Thank you for your input. The checking of the idiom was incorrect for the AVX version.

I'm currently working on fixing this matter and other matters as well. I will update when a fix will be available on whatif.

Tal

Quoting - Tal Uliel (Intel)

Hi,

Thank you for your input.
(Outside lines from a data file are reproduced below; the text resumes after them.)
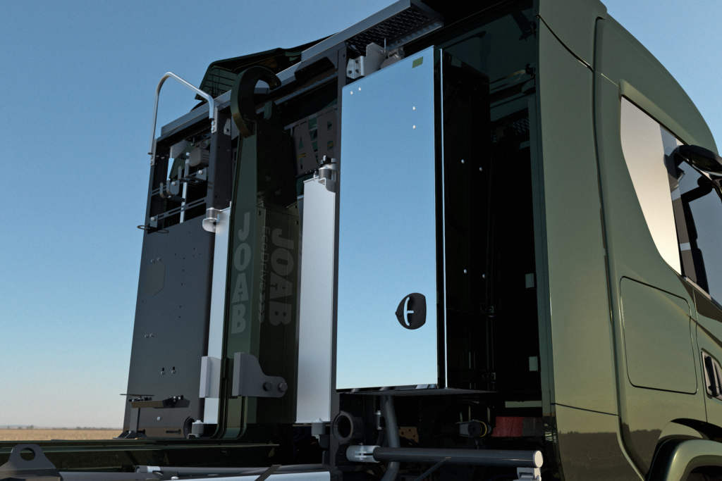 Detta skåp monteras bakom hytt tillsammans med till exempel vår hydraultank Rough. (på denna bilen är den monterad tillsammans med redskapsfäste och krok) Skåpet i sitt original utförande har två hyllor och spanjolettlåsning, för att du enkelt skall kunna öppna från marken.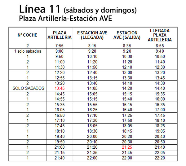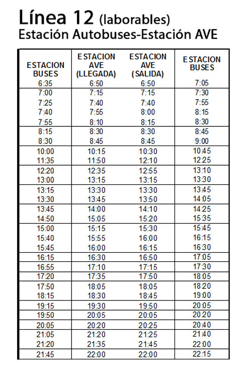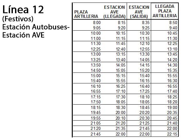 L12 Est. Bus-Estación AVE (sábados y domingos)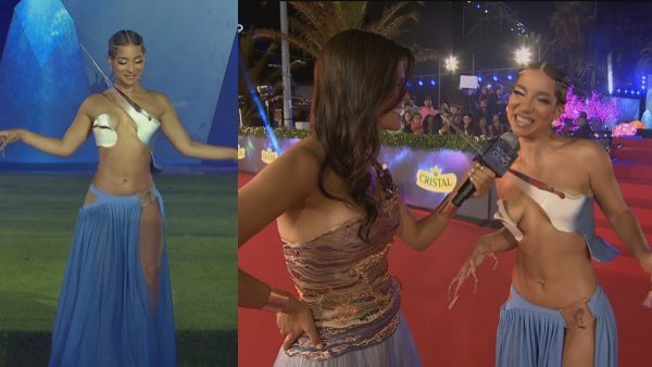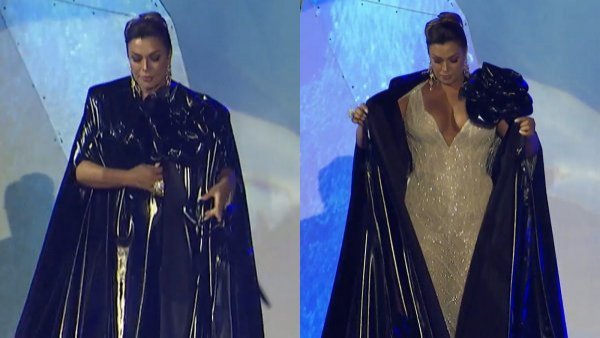 Se complicó, pero triunfó: Marlen Olivarí sorprendió con vestido blanco La show woman utilizó una capa que le presentó complicaciones al momento de desatarla.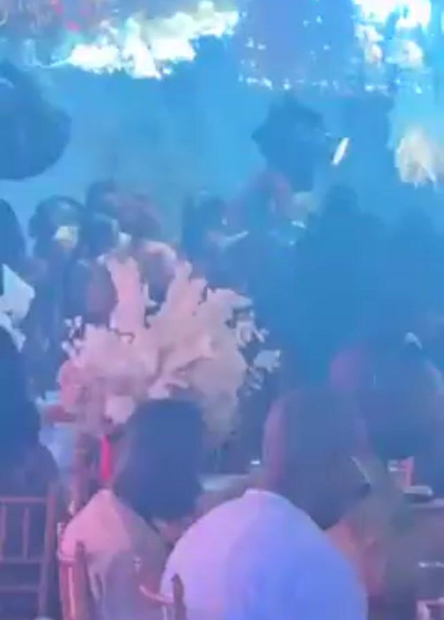 The video appears to be taken at a festive event, possibly a wedding or large party

The checking of the idiom was incorrect for the AVX version.

I'm currently working on fixing this matter and other matters as well. I will update when a fix will be available on whatif.

Tal

thank you i will publish all...

all [URL=\\"http://www.youtube-izlesene.org\\"]youtube[/URL] videos and [URL=\\"http://www.1lig.net\\"]health articles[/URL]

youtube and Health Service

Quoting - Tal Uliel (Intel)

Hi,

Thank you for your input. The checking of the idiom was incorrect for the AVX version.

I'm currently working on fixing this matter and other matters as well. I will update when a fix will be available on whatif.

Tal

A fixed version (1.1.1) was released today.

Tal

Deixar um comentário

Faça login para adicionar um comentário. Não é membro? Inscreva-se hoje mesmo!